Стоит Завид, улыбается. Он ведь этой улицей сколько раз в клетке проезжал, да и после бывал с Тишилой да с Первушей. Никогда бы поверить не смог, что это то самое место, если бы своими ногами не пришёл. Люди и прежде о Перловке дурное сказывали, а как сослали сюда нечисть, так и вовсе заговорили: как бы эта земля проклятая не провалилась! Небось тут зло на зле да злом и погоняет.
Да, видно, иная нечисть получше людей будет. Вишь ты, как светло да мило, а крыши-то земляные да травами поросли. Любо глядеть!

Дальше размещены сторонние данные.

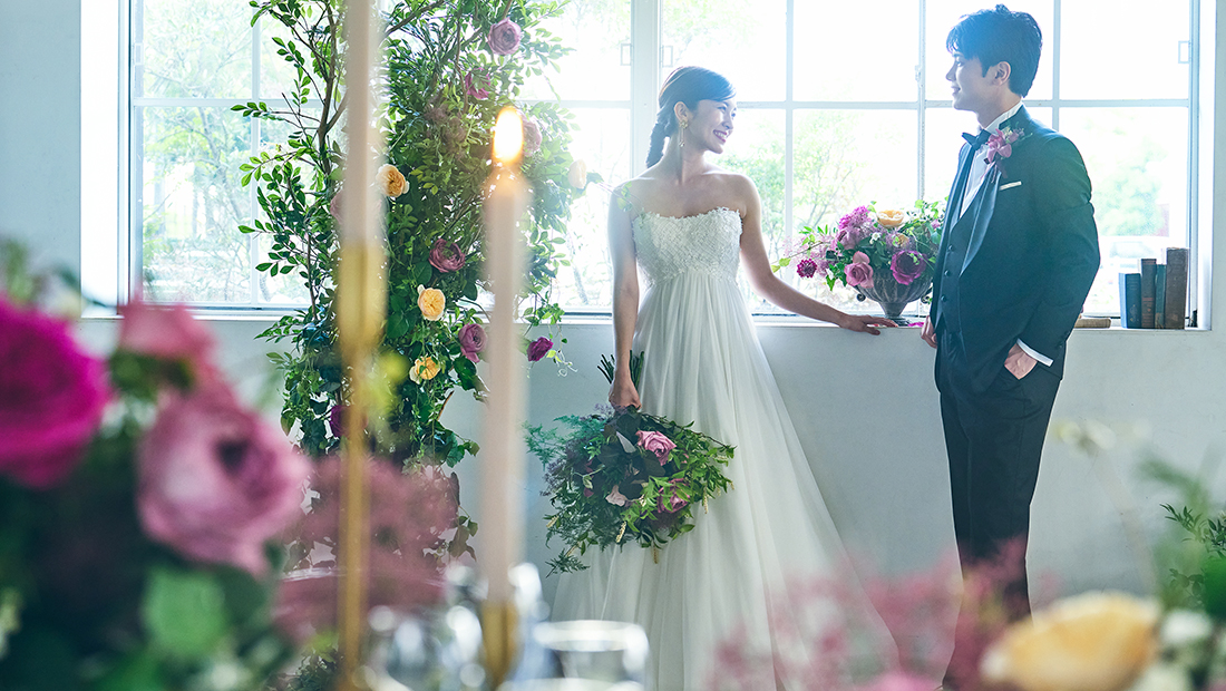 彼と一緒にウエディングドレス選びができれば、彼好みのドレスを選んだり、彼のスーツと合わせたコーディネートにしたりもできますね。

Задумался этак Завид, о Марьяше только и вспомнил, когда она торопливо прошла мимо него, утирая слёзы. Вишь ты, всем девка хороша, да уж слух прошёл, что она ведьмина дочь и сама ведьма, да ещё теперь два года в Перловке прожила. Никогда ей через то женихов не видать. Не задурил ли ей голову заезжий богатырь, не обидел ли её?
Из-под холма, слышно, и сам Василий ей вслед кричит, зовёт огорчённо:
— Марьяша!..
Куда там, она и не обернулась, оттого Василий волок на холм и своё, и её ведро — видно, по воду оба шли, да у родничка и встретились. Идти всего ничего, а этот запыхался, да ещё ведро только в одной руке нести и может, за другую его ырка укусил. Так с вёдрами туда-сюда и бегает, то одно поднесёт, то второе — хорош, могуч богатырь, что и сказать. Завид пораздумал, не помочь ли ему, да видит, такое лицо у Василия, что лучше под руку не лезть. Отошёл тогда за створку ворот.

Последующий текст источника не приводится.